Reputation: 8774
I am looking to read data from multiple tables (different database tables) and aggregate and create final result set. In my case, each query will return the List of object. I went through web many times, I found no link other than - Spring Batch How to read multiple table (queries) as Reader and write it as flat file write, but it returns only single object.
Is there any way if we can do this ? Any working sample example would help a lot.
Example -
Now I want to build Employee and Department relationship and send final object to processor to further lookup against MongoDB and send the final object to reader.
Upvotes: 2
Views: 5081
Reputation: 81
@jeff-cook There are a few things that you can use together to achieve what you want. I have not tried these but you can certainly try and let stackoverflow know if it worked.
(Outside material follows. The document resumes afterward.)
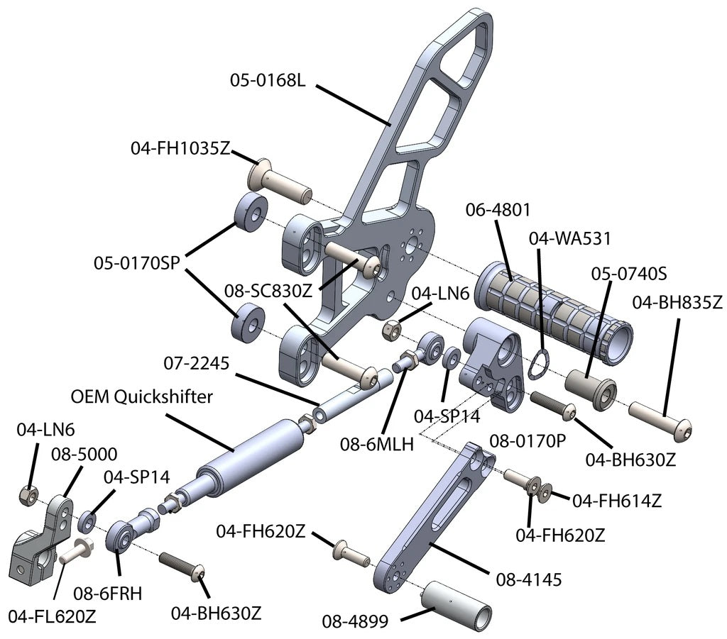 - Virtually any part in our rearset kit can be purchased separately from our kits under the Spare Parts tab

Though, I came across this very late, but if you still have this requirement, this might help.
Note: Because of the way spring batch works, this will NOT give a list but each individual row would get combined into a relationship. By default, this will get passed to processor where you can get further details per row. When all the items of a chunk have been processed, that's when you would have a list available in the writer. The writer can then write it the way you want.
Just like in point 1. above, you can actually also fetch the details from mongo with its own row mapper. Then combine all three into one relationship in the DefaultUnifyingStringItemsMapper. This can then be written as you want after being processed.
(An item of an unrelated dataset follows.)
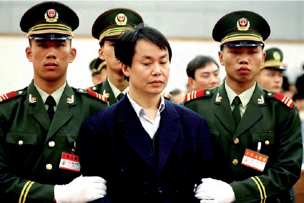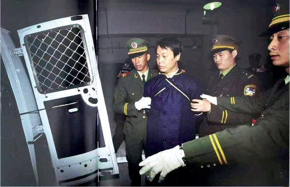 审判完后,张子强被法警、武警押上囚车执行死刑。摄影/周晓晖

In both approaches above, you will need to create and assign different DataSource objects for each type of DB that you want to read from and assign to respective reader. Note that if you are specifically assigning a transaction manager to the step, the datasource passed to it should be the same instance that you passed to writer else you will see data integrity issues in case of rollbacks. This is how spring batch works, it has nothing to do with above approach.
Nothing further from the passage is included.